ABOUT THIS TASK:
Without any pictures, print the lines below from the one that has "Po nasátí jsou" through the one that has "New 3D Personality", exactly and nothing else.

SUPPLIED MATERIAL START

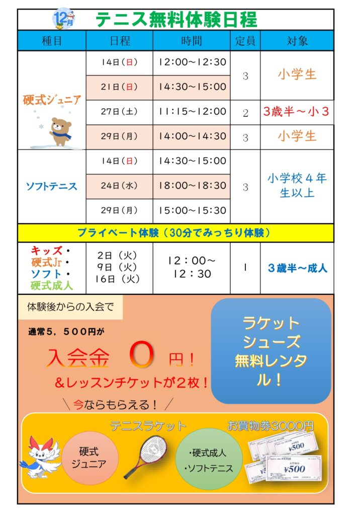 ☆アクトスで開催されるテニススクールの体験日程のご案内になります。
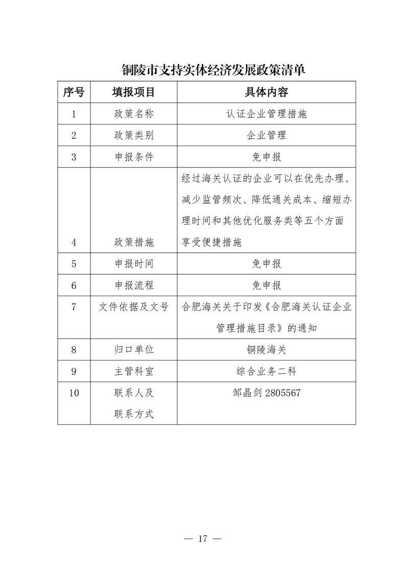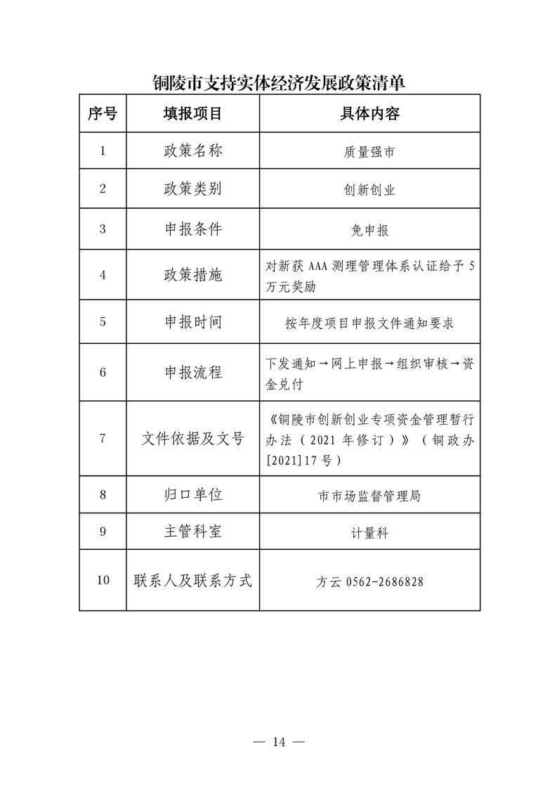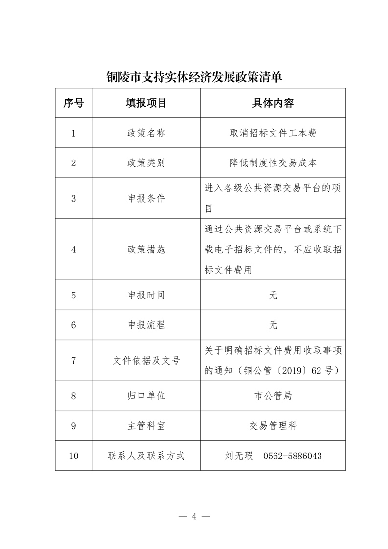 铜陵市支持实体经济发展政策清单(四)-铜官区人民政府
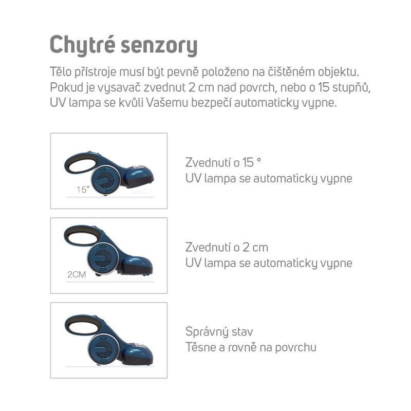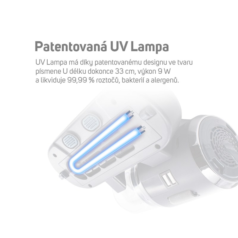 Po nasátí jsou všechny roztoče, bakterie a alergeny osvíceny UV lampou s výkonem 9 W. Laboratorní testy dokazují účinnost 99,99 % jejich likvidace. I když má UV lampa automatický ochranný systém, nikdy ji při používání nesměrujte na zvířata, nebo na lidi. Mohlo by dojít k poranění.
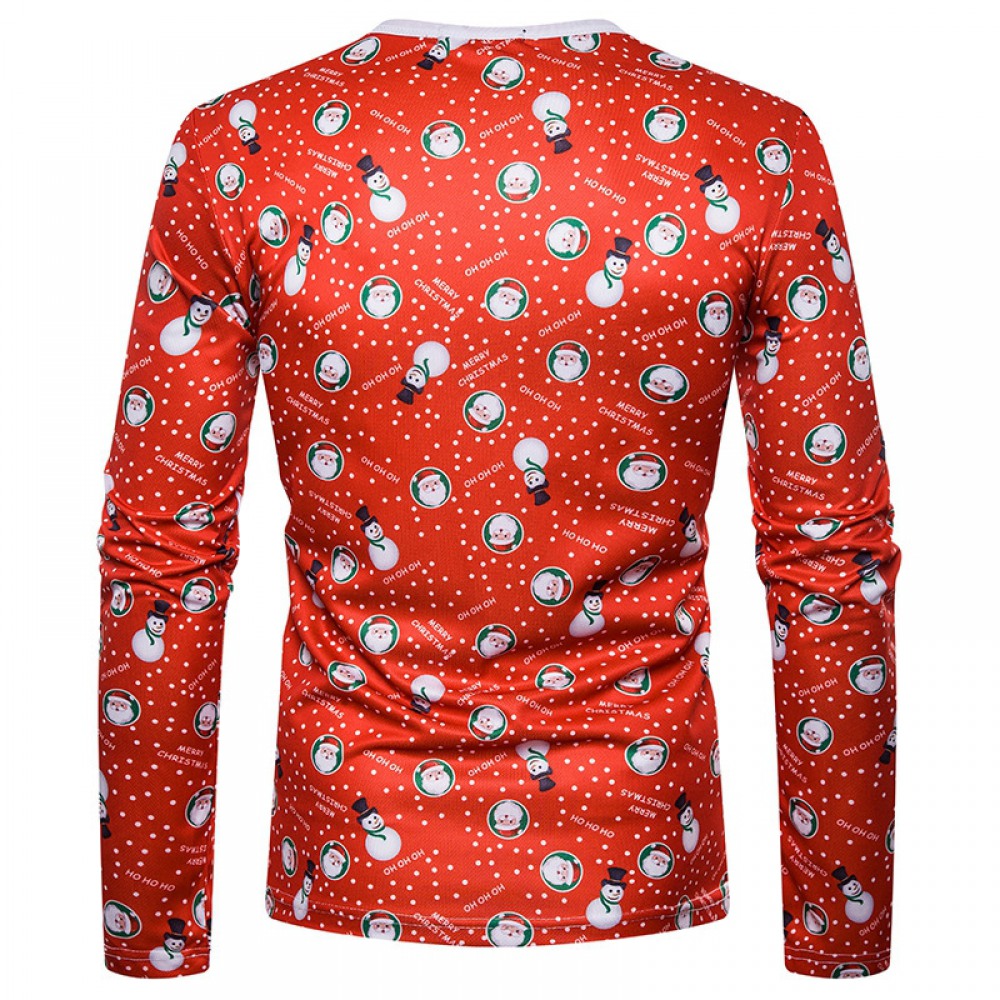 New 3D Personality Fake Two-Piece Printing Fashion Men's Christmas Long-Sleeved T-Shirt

SUPPLIED MATERIAL END
SUPPLIED MATERIAL START

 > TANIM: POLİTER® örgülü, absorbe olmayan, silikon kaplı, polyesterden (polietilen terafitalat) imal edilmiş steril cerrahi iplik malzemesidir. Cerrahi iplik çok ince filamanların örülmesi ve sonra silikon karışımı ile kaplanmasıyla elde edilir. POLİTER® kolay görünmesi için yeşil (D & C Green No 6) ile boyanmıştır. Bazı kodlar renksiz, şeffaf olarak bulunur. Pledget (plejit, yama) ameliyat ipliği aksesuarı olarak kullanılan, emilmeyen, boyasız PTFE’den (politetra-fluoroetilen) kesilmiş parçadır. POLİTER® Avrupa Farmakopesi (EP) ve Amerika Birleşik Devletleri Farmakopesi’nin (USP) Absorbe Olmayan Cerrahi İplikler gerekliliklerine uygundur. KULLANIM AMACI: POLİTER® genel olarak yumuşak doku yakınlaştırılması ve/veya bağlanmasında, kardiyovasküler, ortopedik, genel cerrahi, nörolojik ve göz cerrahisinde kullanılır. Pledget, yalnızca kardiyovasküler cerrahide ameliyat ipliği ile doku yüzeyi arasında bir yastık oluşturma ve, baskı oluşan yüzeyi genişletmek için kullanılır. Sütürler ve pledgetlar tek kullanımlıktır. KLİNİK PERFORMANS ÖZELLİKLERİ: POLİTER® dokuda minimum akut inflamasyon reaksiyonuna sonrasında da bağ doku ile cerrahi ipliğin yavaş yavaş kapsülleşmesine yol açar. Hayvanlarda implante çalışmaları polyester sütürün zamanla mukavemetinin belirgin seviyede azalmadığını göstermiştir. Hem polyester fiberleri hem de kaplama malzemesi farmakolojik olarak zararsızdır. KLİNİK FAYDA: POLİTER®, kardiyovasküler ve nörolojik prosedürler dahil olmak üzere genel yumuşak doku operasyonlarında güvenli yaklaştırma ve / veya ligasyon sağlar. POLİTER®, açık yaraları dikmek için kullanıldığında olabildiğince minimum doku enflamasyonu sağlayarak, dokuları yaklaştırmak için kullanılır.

SUPPLIED MATERIAL END

SOLVED EXERCISE:
 Po nasátí jsou všechny roztoče, bakterie a alergeny osvíceny UV lampou s výkonem 9 W. Laboratorní testy dokazují účinnost 99,99 % jejich likvidace. I když má UV lampa automatický ochranný systém, nikdy ji při používání nesměrujte na zvířata, nebo na lidi. Mohlo by dojít k poranění.
 New 3D Personality Fake Two-Piece Printing Fashion Men's Christmas Long-Sleeved T-Shirt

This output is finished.